> _Activity_
Below are entries. Reproduce exactly the lines between the line holding "- เมื่อผู้ใช้ทำการปรับราคาสินค้าเสร็จแล้ว กดบันทึก" and the line holding "磁土と陶土を合わせた人工的な", inclusive, and only those.

> _Data for this exercise_

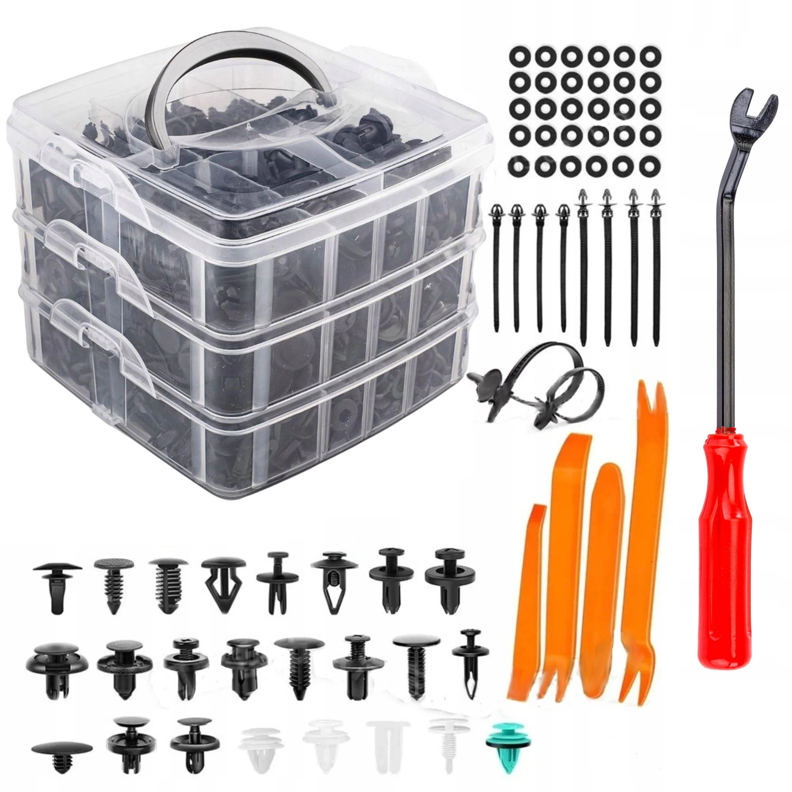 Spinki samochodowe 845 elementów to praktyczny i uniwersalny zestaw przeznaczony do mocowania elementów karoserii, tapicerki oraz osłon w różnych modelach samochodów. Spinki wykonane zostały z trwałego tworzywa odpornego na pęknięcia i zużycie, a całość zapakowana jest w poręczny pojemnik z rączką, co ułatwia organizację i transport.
--
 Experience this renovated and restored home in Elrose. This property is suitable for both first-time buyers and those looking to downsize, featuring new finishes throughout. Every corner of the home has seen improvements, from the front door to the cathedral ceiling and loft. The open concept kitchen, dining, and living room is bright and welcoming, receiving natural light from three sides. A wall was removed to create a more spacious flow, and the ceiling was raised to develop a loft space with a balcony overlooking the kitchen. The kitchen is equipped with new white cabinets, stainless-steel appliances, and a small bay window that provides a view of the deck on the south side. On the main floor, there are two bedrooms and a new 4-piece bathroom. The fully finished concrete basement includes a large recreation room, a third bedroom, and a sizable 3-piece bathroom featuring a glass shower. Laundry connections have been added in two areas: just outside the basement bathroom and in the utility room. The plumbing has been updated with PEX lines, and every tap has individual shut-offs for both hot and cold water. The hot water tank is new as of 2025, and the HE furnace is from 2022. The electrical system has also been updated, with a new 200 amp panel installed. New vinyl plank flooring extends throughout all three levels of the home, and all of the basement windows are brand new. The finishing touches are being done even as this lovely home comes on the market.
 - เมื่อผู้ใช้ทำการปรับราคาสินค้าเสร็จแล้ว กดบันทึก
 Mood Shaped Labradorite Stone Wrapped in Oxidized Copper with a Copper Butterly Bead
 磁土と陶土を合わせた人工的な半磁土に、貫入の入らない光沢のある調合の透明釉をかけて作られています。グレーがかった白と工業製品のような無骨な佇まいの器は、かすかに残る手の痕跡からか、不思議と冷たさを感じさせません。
* * *
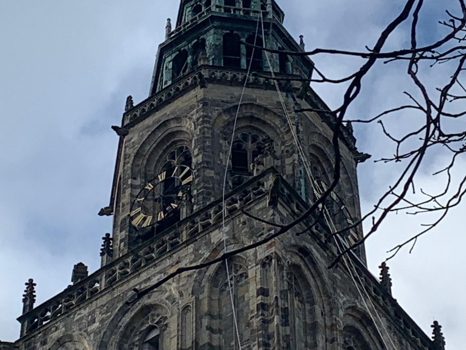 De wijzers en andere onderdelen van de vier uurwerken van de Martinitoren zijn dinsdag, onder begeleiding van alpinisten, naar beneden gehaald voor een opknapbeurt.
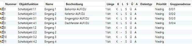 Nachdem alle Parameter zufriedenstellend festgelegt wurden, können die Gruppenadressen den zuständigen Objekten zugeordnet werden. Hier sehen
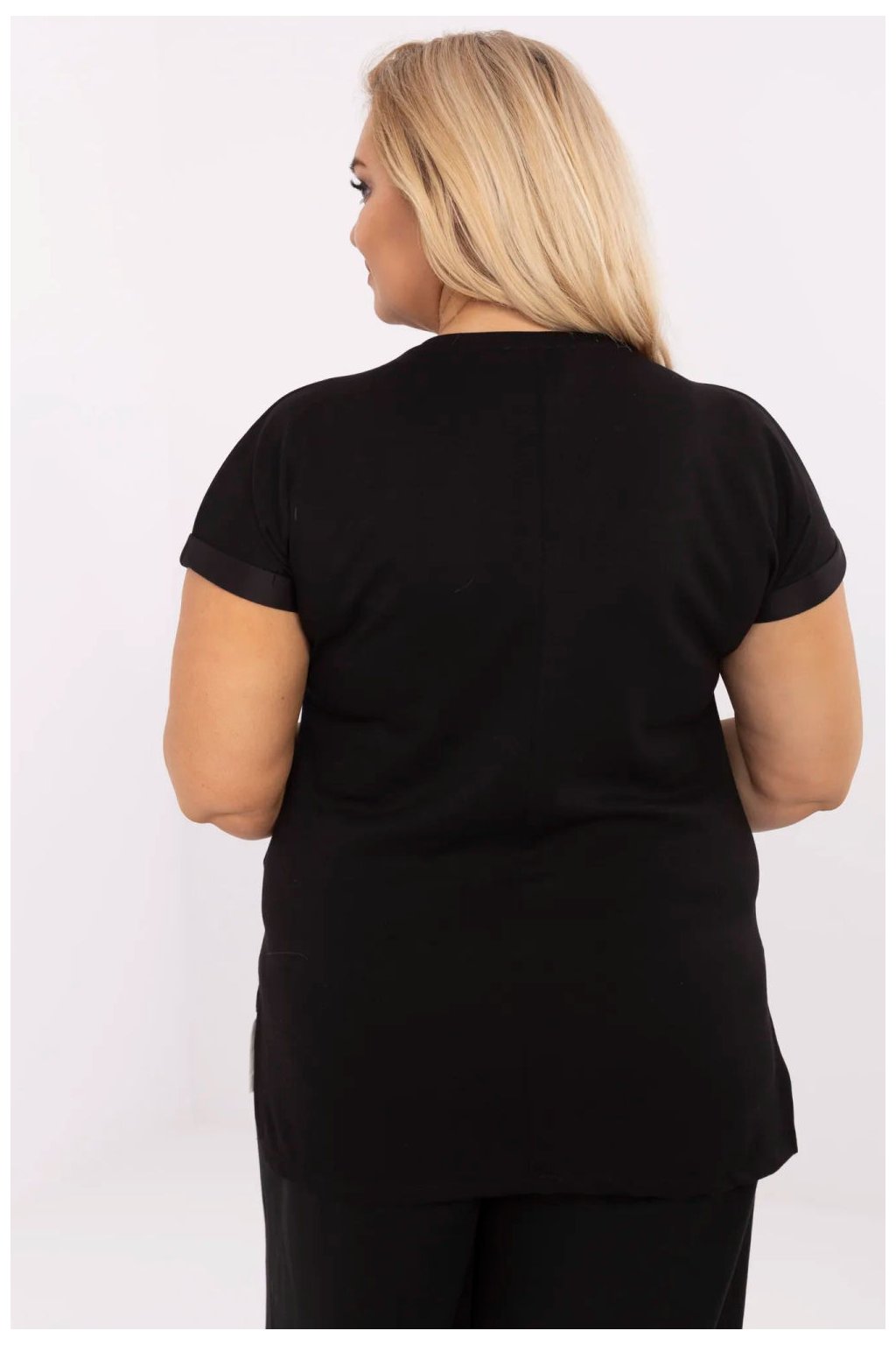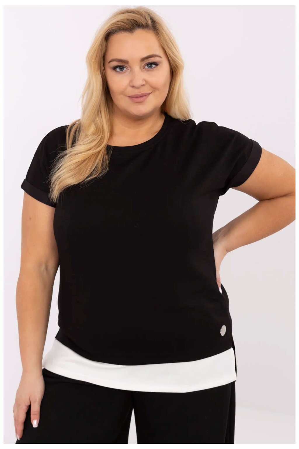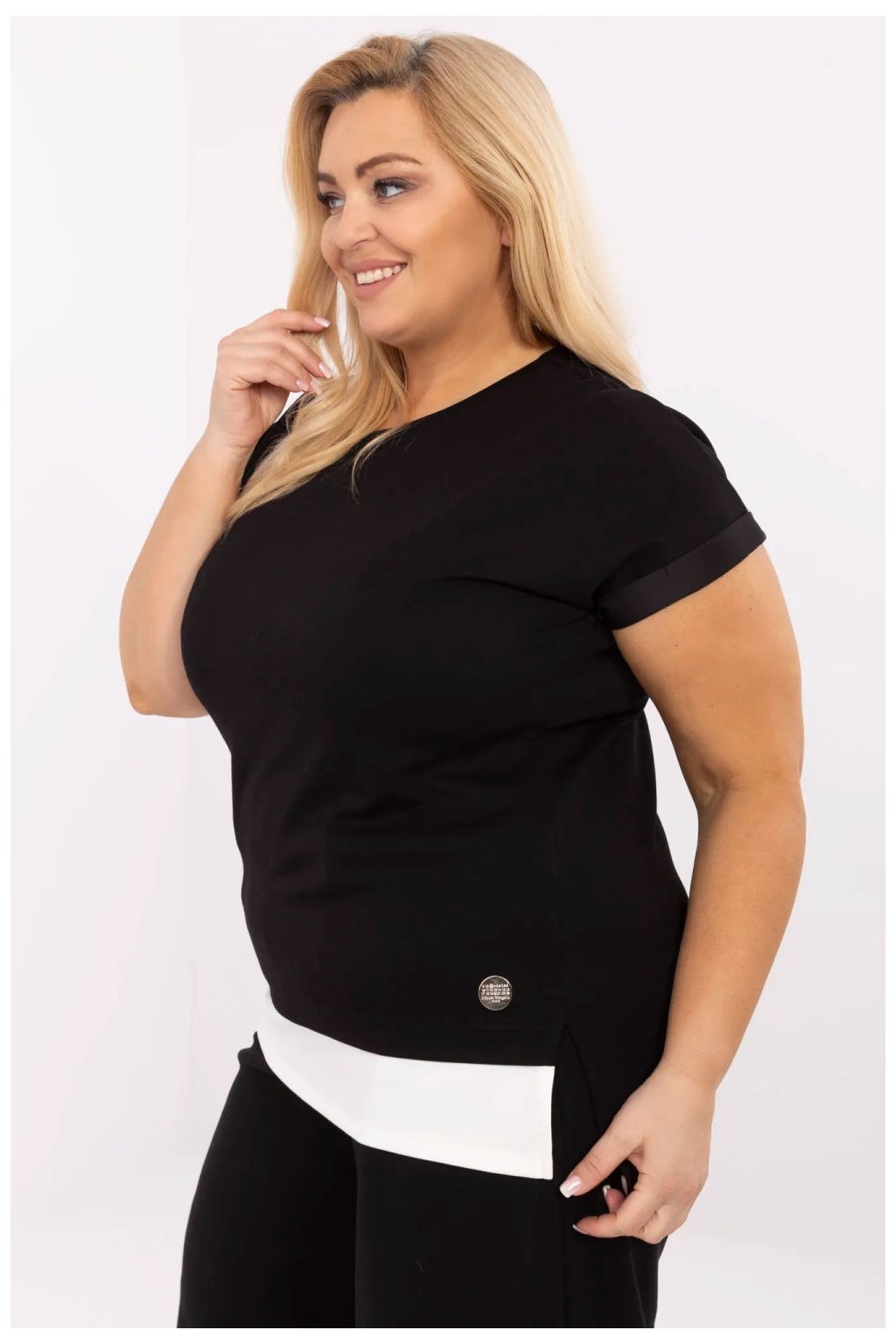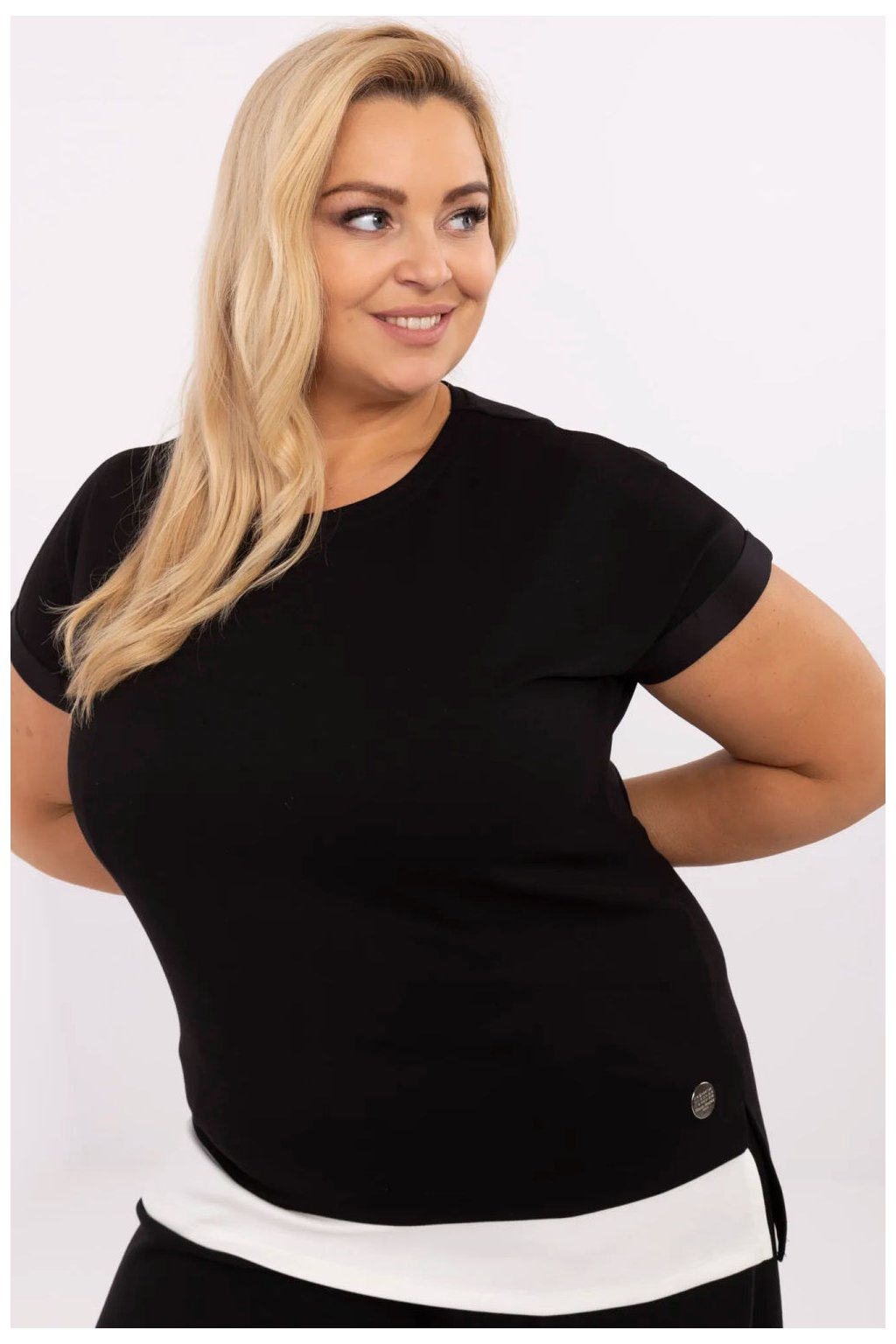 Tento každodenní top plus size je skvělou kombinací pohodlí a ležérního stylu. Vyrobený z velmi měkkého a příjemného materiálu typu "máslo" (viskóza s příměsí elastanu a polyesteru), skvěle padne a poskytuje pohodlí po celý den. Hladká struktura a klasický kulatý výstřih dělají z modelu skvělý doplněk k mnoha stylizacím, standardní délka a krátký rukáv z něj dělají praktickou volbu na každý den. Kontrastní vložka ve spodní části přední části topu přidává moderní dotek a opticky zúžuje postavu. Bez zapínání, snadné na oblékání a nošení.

> _Response box_
 - เมื่อผู้ใช้ทำการปรับราคาสินค้าเสร็จแล้ว กดบันทึก
 Mood Shaped Labradorite Stone Wrapped in Oxidized Copper with a Copper Butterly Bead
 磁土と陶土を合わせた人工的な半磁土に、貫入の入らない光沢のある調合の透明釉をかけて作られています。グレーがかった白と工業製品のような無骨な佇まいの器は、かすかに残る手の痕跡からか、不思議と冷たさを感じさせません。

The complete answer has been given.